By 2100, 24,000 Georgia homes could be underwater, according to a new study.

The paper, authored by professors Robert Deconto, of the University of Massachusetts, and David Pollard, a senior scientist with Pennsylvania State University’s Earth and Environmental Systems Institute, and published in the science journal Nature, postulates the future of sea level rise. It asserts that if greenhouse gas emission rates remain constant, world ocean levels could rise more than six feet and sink approximately $882 billion worth of residential property by 2100. That would amount to a loss of 1.9 million homes, according to Zillow.

And 24,379 of those losses would occur in Georgia.

In Zillow’s analysis, in which it compared sea level maps from the National Oceanic and Atmospheric Administration against its own home data, the listing portal determined what homes would be affected and where in the event of a six-foot rise in sea level. Should Deconto and Pollard’s models prove accurate, Georgia would lose $10.2 billion in residential property to the encroaching ocean.

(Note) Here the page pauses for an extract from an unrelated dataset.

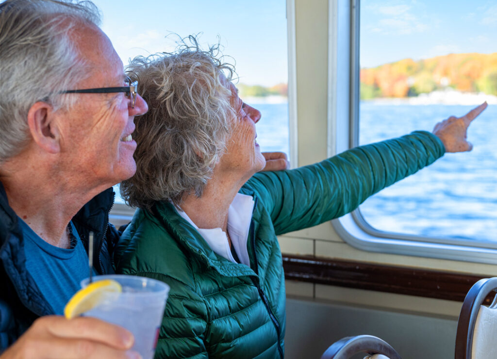 Every seat is the best seat on board. Take in the beautiful lake and its stunning shoreline estates.
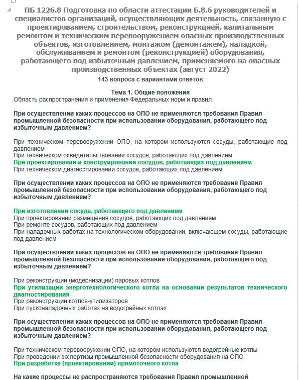 Вопросы с ответами к курсам ОКС-Олимп Б.8.6 ПБ 1226.8 (август 2022) Подготовка по области аттестации Б.8.6 руководителей и специалистов организаций, осуществляющих деятельность, связанную с проектированием, строительством, реконструкцией

State Total value of potentially underwater properties No. of potentially underwater properties Fraction of total housing stock underwater
Florida $413B 934,411 12.56%
New Jersey $93.1B 190,429 7.35%
New York $71B 96,708 2.10%
Massachusetts $51.2B 62,069 3.10%
California $49.2B 42,353 0.44%
South Carolina $45B 83,833 4.42%
Hawaii $25.3B 37,556 9.07%
North Carolina $20.6B 57,259 1.64%
Maryland $19.6B 64,299 3.09%
Virginia $14.4B 46,287 1.77%
Washington $13.7B 31,235 1.32%
Louisiana $13.2B 80,080 5.88%
Connecticut $13.2B 18,173 1.61%
Texas $12B 46,804 0.61%
Georgia $10.2B 24,379 0.75%
Alabama $3.8B 12,735 0.77%
Delaware $3.6B 11,670 3.09%
Maine $3.1B 5,412 0.98%
Rhode Island $2.9B 4,853 1.47%
New Hampshire $1.7B 4,064 0.71%
Mississippi $1B 5,572 0.72%
Oregon $1B 4,959 0.37%
Pennsylvania $730M 2,661 0.06%

However, in an interview with The Washington Post, Eric Rignot, an earth sciences professor at the University of California, Irvine, who did not contribute to the study, said Deconto and Pollard’s projections are less a prediction than they are a warning.

“People should not look at this as a futuristic scenario of things that may or may not happen. They should look at it as the tragic story we are following right now,” he said. “We are not there yet … [But] with the current rate of emissions, we are heading that way.”